Now, you’ve probably heard of large language models, machine learning models, image generation models, and so on … but “world model” may be a new one. To help explain the concept, we sat down with Googlers Shlomi Fruchter and Jack Parker-Holder.
Congratulations on the launch of Project Genie! What were your roles on the team?
Shlomi: Jack and I lead Genie development together. I mostly focus on our next-gen video and world models and work with the team to investigate new improvements.
Jack: I am a researcher and co-lead Genie. My job is mostly about coming up with new opportunities for our models and then making sure there is a team, roadmap and plan to make it happen.
What exactly is Project Genie?
Jack: Project Genie is a tool where you can create your own world with characters and environments and explore them in real time. For example, travel to an alien planet or dive underwater with sea creatures. Whatever you can think of.
Shlomi: The worlds that we typically want to simulate are variants of the world we live in because that is what we know and care about. Genie predicts what will happen based on the mechanics of such a variant world: “OK, if I’m going to walk into the room that looks like the picture you gave of your room, what will it look like when I walk around? What will the mirror look like? How will the light reflect off the hardwood floor?” All the environmental dynamics – if water is spilled or it rains – the model simulates end-to-end without a game engine running in the background. And you can actually interact. If there’s a ball on the floor, you can actually bump into it and it starts rolling, which is what you’d expect to happen in reality. When the model does a good job, it looks realistic.

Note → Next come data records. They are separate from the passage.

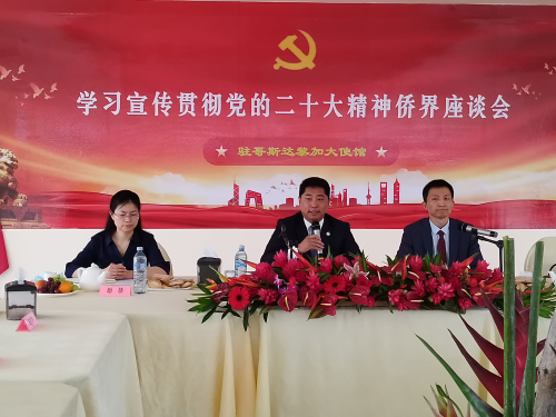 2022年11月11日,驻哥斯达黎加使馆举行学习宣传贯彻党的二十大精神侨界座谈会,驻哥斯达黎加大使汤恒宣讲党的二十大精神并结合哥侨界实际就下一阶段学习宣传贯彻工作提出具体要求。旅哥主要侨社负责人、领事协助志愿者代表共40余人参加活动。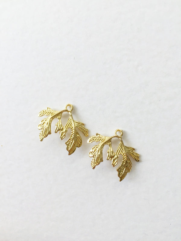 4 x Champagne Gold Double Leaf Charms, 22x18mm
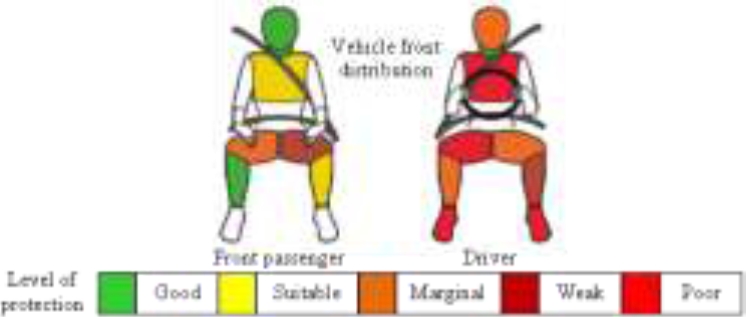 Based on the previous report, various thoughtful injuries can be assumed both for the driver, as for the front passenger, but the report states that both occupants will have a lower risk of serious injury. However, it remains a vehicle with very poor user protection and an unstable structure [30].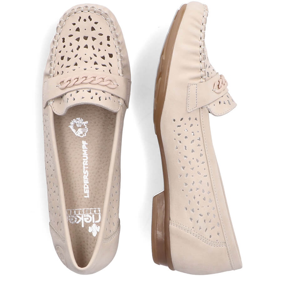 Detaljer: Bekväma genombrutna loafers för dam Rieker 40068-60 beige
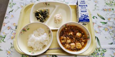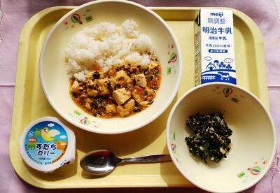 今日の給食は、マーボー豆腐です。寒い季節にはぴったりですね。ナムルにはたくさんのニラが入っています。香りがもち味のスタミナ野菜です。たくさんいただきたいですね。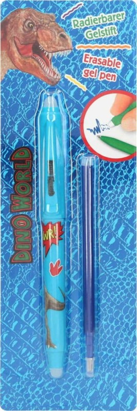 Zmazywalny długopis Erasable Gel Pen marki Depesche pisze na niebiesko, a specjalna gumka do długopisu pozwala całkowicie wymazać lub poprawić zapiski. Magiczny długopis w dinozaury ma 2 końcówki do ścierania oraz zapasowy wkład żelowy.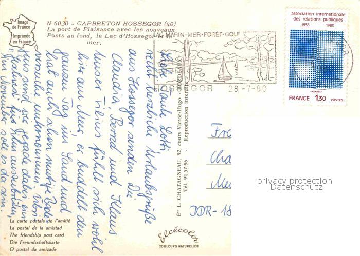 12846016 carte postale Capbreton Fliegeraufnahme Hafen postalisch gelaufen Erhaltung siehe scans [LiesaD40] KatCode: 11170040140065
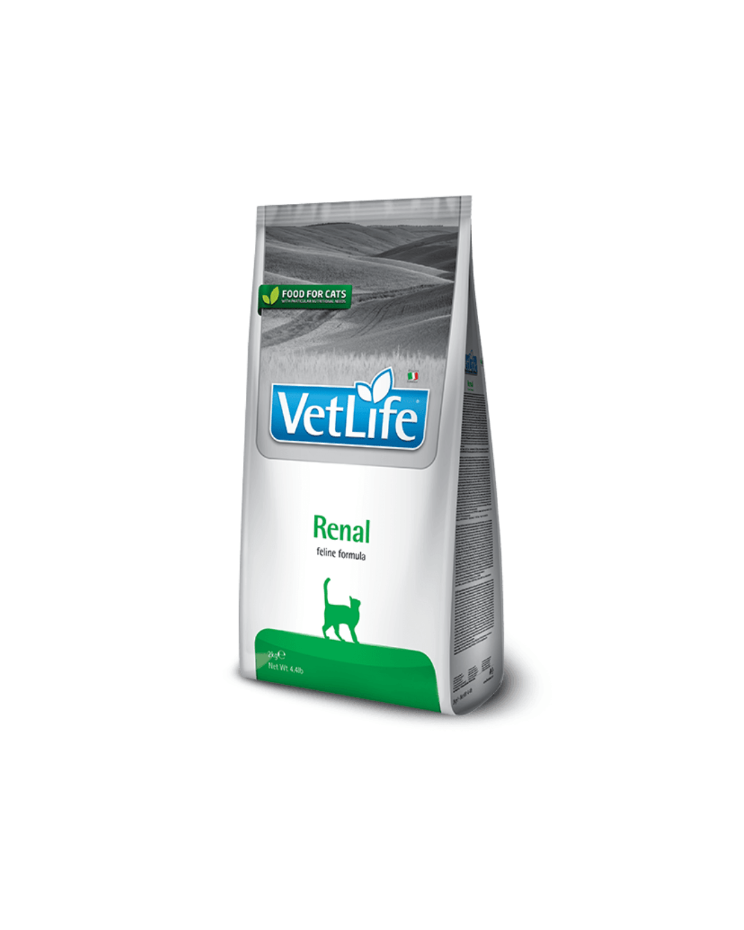 Chronic or temporary renal insufficiency; coadjuvant for the treatment of congestive cardiac insufficiency. Farmina Vet Life Renal is a complete dietetic food for cats formulated to support the renal function in case of chronic or temporary renal insufficiency. This dietetic food contains low phosphorus concentrations and reduced protein content but of high quality.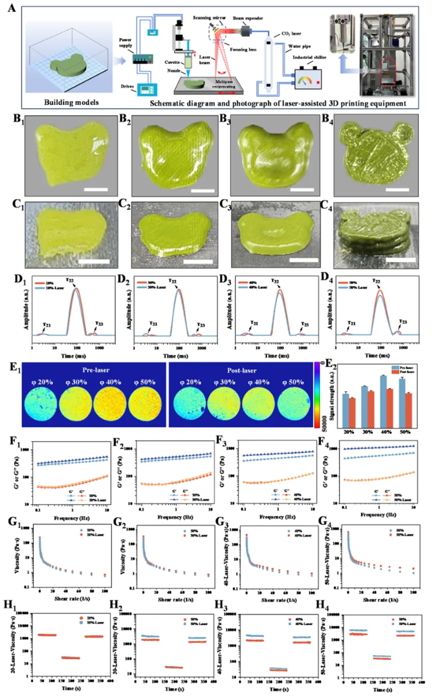 Fig. 7. (A) Predesigned printing model, schematic diagram and photograph of a laser 3D printer’s mechanical architecture. (B1–C4) Printed photographs of laser-assisted 3D printing curcumin-loaded UPEs prepared with corn oil at 20%, 30%, 40% and 50% (v/v), respectively, including top and front views. The scale bar is 1 cm. (D1–D4) Comparative T2 relaxation time distributions and (E1–E2) MRI of curcumin-loaded UPEs incorporating 20%, 30%, 40%, and 50% (v/v) corn oil concentrations pre- and postextrusion printing. Rheological properties for curcumin-loaded UPEs formulated with corn oil at 20%, 30%, 40% and 50% (v/v) pre- and postextrusion printing. (F1–F4) Frequency sweep (storage modulus: G′ and loss modulus: G″), (G1–G4) shear rates sweep, and (H1–H4) thixotropic recovery tests.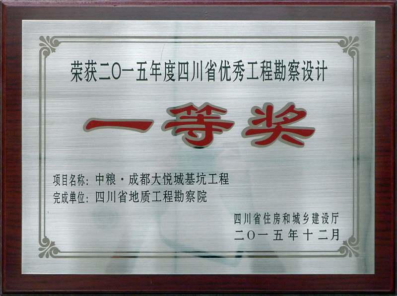 國道213、317線都江堰至汶川公路廟子坪岷江特大橋詳細勘察階段工程地質勘察項目獲得全國優(yōu)秀工程勘察設計行業(yè)獎二等獎,成都水文隊生產(chǎn)科研用房和經(jīng)濟適用房(5幢綜合樓)水源熱泵中央空調工程水文地質勘察、中糧·成都大悅城基坑工程獲得省工程勘察設計“四優(yōu)”一等獎,歐尚購物中心工程勘察、松潘縣川主寺鎮(zhèn)第二自來水廠水源地綜合水文地質勘察報告(山巴——川盤橋段)獲得省工程勘察設計“四優(yōu)”二等獎,潤慶·山予城一期巖土工程勘察報告獲省工程勘察設計“四優(yōu)”三等獎。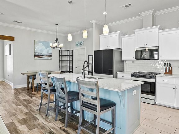 Take advantage of the recent price reduction on this stylishly upgraded 4-bedroom, 2-bath home offering 1,684 square feet of modern living space. Designed with comfort and functionality in mind, the open-concept layout is perfect for everyday family life as well as entertaining guests. Step outside to enjoy peaceful pond views from the backyard, a serene setting ideal for relaxing, fishing, or simply appreciating nature. This home features numerous thoughtful updates, including new ceramic tile in the primary suite, fresh carpet in all bedrooms, and modern ceiling fans throughout. The garage floor is epoxy-coated with decorative flakes, while the interior walls have been freshly textured and painted for a clean, inviting atmosphere. Additional upgrades include: power backup readiness with a 50-amp generator plug and transfer switch, renovated bathrooms with sleek fixtures and skirted toilets, upgraded outlets and switches with screwless faceplates, new door hardware, an ultra-quiet garage door opener, a new gas range and microwave to match the refrigerator, and additional blown-in insulation in the attic. Bonus items included with the home: The seller is including a push-button generator that powers the entire home when connected to the exterior plug, a Samsung Bespoke refrigerator with extra panels, a nearly new GE washer and dryer, and a dining table with chairs. This move-in-ready home perfectly combines upscale finishes with a peaceful outdoor vibe. Don’t miss your chance—schedule a tour today!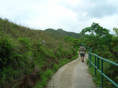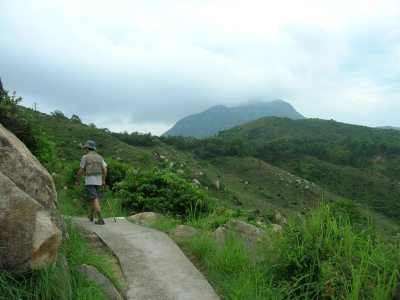 さらに歩いて行くと前方に山が見えて来ました。 山地塘(Shan Tei Tong)という山で、標高は353mです。 ハイキング道はそこまでは登りません。 |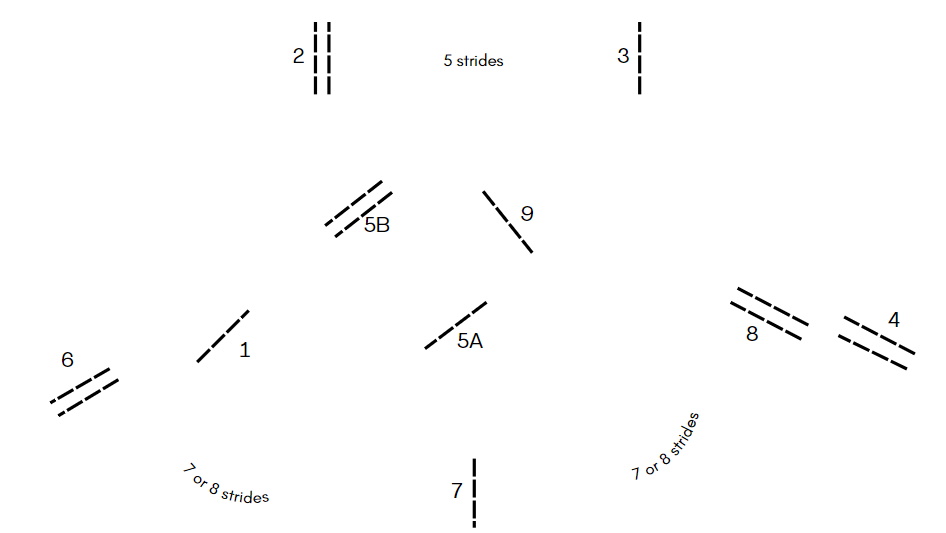 It was your pretty basic Novice though. Friendly ramped first fence, stacked log thingy, table, ramp, ditch to hanging log half coffin, another table, house, water, bank up out of water, 5 bending strides to a sharks tooth thingy, then a corner, some tires, a house, a down bank 4 strides to a house, a skinny log, a trakehner, and a rolltop brush.

Is Genie the first world model?
Jack: There are actually lots of historical papers on world models, but one of the ones that popularized the idea is from 2018 from what was then called Google Brain. Google Brain was our deep learning and AI research team, and it is now part of Google DeepMind. That paper was by David Ha and Jürgen Schmidhuber; it was the first time anyone trained a world model from a visual domain. This is what really popularized the term “world model” in the developer community.
What is the difference between a world model and, for example, a large language model?
Shlomi: Think of it like this: A language model tries to predict the next word. From that, it learns a representation of the language. Later we can learn to have a full conversation with a person and even maybe think about a math problem. Similarly, a world model tries to predict what will happen next in the world based on the sequence of actions that an agent performs. Basically, it is simulating an entire environment, moment by moment, in response to an agent. Through this simple task, the model learns a representation of the world.
So a world model predicts that world based on an environment it’s been trained in. And not just the world, but how things react in that world. Is that right?
Shlomi: Yes. An important part of what happens in a world model is what we call “observation.” When we use this word, it has a narrow definition: visual observation. Observation, more generally, does not have to be visual – you can observe how something feels, feels, or smells. But at this point we’re talking about visuals.
Got it. How do you encourage Genie?
Jack: The best way to start encouraging Genie is with an image or images – we often use Nano Banana for this – and some text. You can do text only, but it’s also more entertaining to use a visual image. For example, you can upload a photo of a dog on the beach and the text can describe the dynamics of the scene – perhaps something like how the sea is choppy.
What could we use world models for?
Jack: One application is training AI agents to learn how to do things in the real world. Giving them access to our actual world would be dangerous and expensive, but if we could simulate it, it would give us a testing ground. Another is education: you could use a world model to teach a classroom about science and history—imagine 35 kids in a class who aren’t paying attention. Suddenly the teacher brings up a world model on the board: “OK, we’re going to walk around ancient Rome. What are we going to do? Let’s go and ask that person what’s going on.” We can ensure that the model is more historically accurate and make it an interactive experience. For science, you can explore underwater diving – we already have examples of this.